*Your instructions*. Beginning with the line below that contains "V. Couleur aluminium." and ending with the line that contains "Екіапталық ақылы ас", copy every line exactly. Copy nothing else.

*Stored data*.
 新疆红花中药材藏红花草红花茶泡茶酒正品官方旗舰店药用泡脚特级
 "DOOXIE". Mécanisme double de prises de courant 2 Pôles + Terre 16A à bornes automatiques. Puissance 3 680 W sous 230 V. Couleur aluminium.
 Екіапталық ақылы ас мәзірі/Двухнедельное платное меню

---

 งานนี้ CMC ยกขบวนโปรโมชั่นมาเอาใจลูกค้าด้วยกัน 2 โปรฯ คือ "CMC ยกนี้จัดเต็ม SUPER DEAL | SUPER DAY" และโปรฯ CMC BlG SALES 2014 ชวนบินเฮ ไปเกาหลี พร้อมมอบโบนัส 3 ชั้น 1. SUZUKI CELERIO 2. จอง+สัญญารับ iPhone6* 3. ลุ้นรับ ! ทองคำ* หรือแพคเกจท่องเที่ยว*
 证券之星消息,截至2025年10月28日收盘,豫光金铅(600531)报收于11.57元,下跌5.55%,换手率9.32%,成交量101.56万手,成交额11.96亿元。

*Expected output*.
 "DOOXIE". Mécanisme double de prises de courant 2 Pôles + Terre 16A à bornes automatiques. Puissance 3 680 W sous 230 V. Couleur aluminium.
 Екіапталық ақылы ас мәзірі/Двухнедельное платное меню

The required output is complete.